Beethoven’s final weeks were shadowed as ever by financial worries. Early in February he wrote to the Philharmonic Society in London, asking if they might perform a benefit concert on his behalf. George Smart and Ignaz Moscheles, sensing his need, called a board meeting and resolved to send him a hundred pounds. Beethoven, overwhelmed by the gift, called a lawyer and remade his will, leaving everything to his errant nephew Karl who, after the composer’s death, turned into a model civil servant, dutiful husband and loving father of four daughters and a son.
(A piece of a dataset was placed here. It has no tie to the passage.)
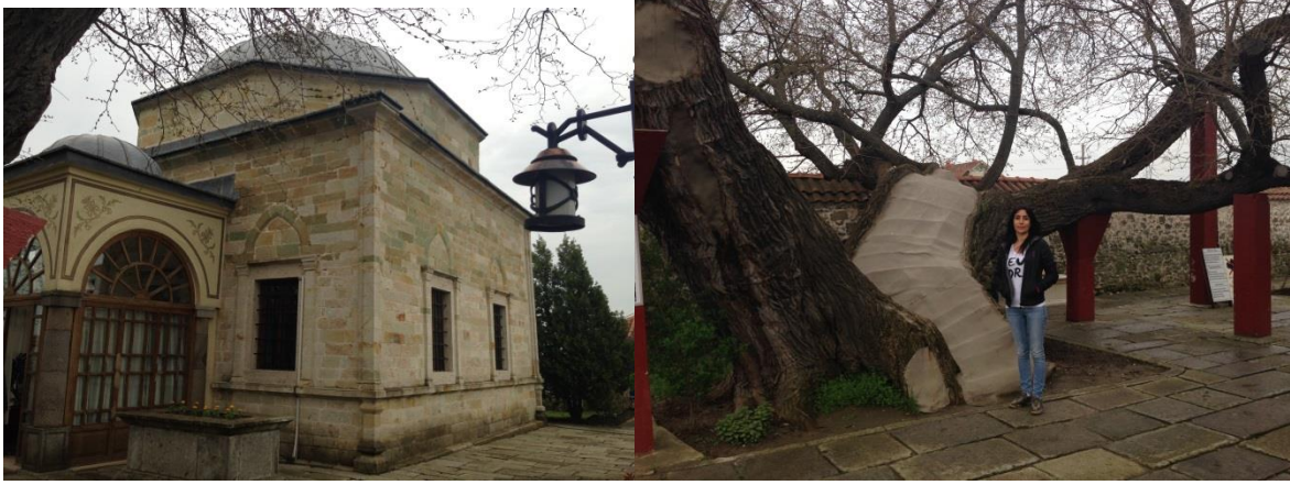
Türbe ve bahçesindeki anıt ağaç

Müslümanlığın simgesi olarak kabul görüyor. Türbe, 1845 yılında Serasker Hurşid Paşa emriyle temelden üste kadar onarım görmüş. 1989 yılında I. Kosova savaşı'nın 600. yıldönümü kutlamaları nedeniyle, Yugoslavya Devleti tarafından türbenin ve selamlığın onarımı sadece türbenin badanalanması şeklinde uygulanmış. Yapısal bozulmalar ya da deformasyonlar nedeniyle yıpranan Sultan Murat Türbesi 2005 yılında Türk İşbirliği ve Koordinasyon Ajansı Başkanlığı (TİKA)'nın katkısıyla ile Türkiye Diyanet Vakfı tarafından restore edilmiş.

He died in 1858 at the age of 52.
On March 20, Beethoven told his young composer friend Johann Nepomuk Hummel, ‘I shall soon, no doubt, be going above’. He thanked Hummel’s wife Elisabeth, a well-known oper singer, for freshening his face with her handkerchief. He continued to receive visitors until he lost consciousness on March 24. Two days later, in the thick of a terrifying thunderstorm, he died at three o’clock in the afternoon. Buried at Währing, his remains were transferred in 1888 to a grove of honour in Vienna’s central cemetery.
The 16th string quartet, last word or not, is as widely recorded as the rest. The ‘mus es sein’ conversation in the 1933 Busch Quartet account is irresistibly convincing, like four philosophers contemplating eternity over a few jars of beer. The Alban Berg Quartet (1989) turn the phrase into something more momentous and ominous. If Beethoven really meant Muss es sein? as a joke, they miss the punchline. Much more convincing are the Cuarteto Casals (2017) with a tentative framing of the question and a vigorous rebuttal by way of response. This deeply felt, well thought out reading leaves the listener to decide for him or herself what might have been going through Beethoven’s mind as he worked his way through his final contribution to the treasury of western civilisation. I also find much to cherish in the Brodsky Quartet’s 2017 interpretation, especially the whispering caress of the third movement with another phrase of the Kol Nidrei before the crunch question of Muss es sein? comes in to play.
There was never a composer like Beethoven and there will never be another. But each time I come to the end of his works I want to start again from the beginning. There is just so much to learn from this prodigous, attractive, ever-expanding creative mind.